## Your goal
In the entries that follow, the lines from the line containing "Pokémon Neo Upper" up to and including the line containing "A continuación el" must be copied exactly, with pictures omitted.

## Raw data
- - -
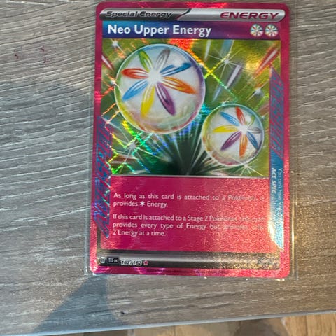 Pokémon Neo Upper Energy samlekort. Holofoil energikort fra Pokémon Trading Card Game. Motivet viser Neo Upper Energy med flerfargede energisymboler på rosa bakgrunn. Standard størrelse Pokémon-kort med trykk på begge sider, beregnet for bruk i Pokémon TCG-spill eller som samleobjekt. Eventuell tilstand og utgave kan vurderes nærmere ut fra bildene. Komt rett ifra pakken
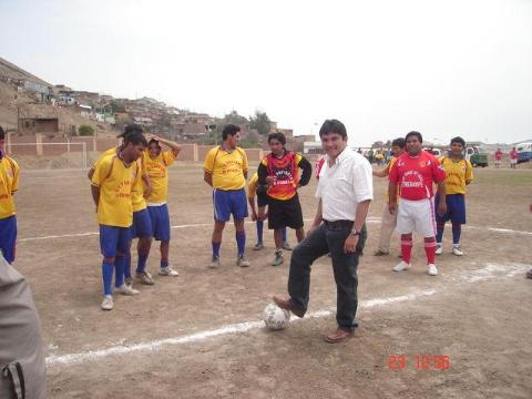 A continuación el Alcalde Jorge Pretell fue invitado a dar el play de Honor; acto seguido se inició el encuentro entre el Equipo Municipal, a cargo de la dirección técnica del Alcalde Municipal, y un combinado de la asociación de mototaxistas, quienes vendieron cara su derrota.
- - -
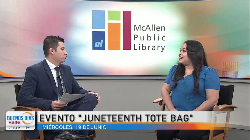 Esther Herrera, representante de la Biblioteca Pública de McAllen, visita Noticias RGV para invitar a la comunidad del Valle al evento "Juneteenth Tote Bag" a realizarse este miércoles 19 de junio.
- - -
## Reply
 Pokémon Neo Upper Energy samlekort. Holofoil energikort fra Pokémon Trading Card Game. Motivet viser Neo Upper Energy med flerfargede energisymboler på rosa bakgrunn. Standard størrelse Pokémon-kort med trykk på begge sider, beregnet for bruk i Pokémon TCG-spill eller som samleobjekt. Eventuell tilstand og utgave kan vurderes nærmere ut fra bildene. Komt rett ifra pakken
 A continuación el Alcalde Jorge Pretell fue invitado a dar el play de Honor; acto seguido se inició el encuentro entre el Equipo Municipal, a cargo de la dirección técnica del Alcalde Municipal, y un combinado de la asociación de mototaxistas, quienes vendieron cara su derrota.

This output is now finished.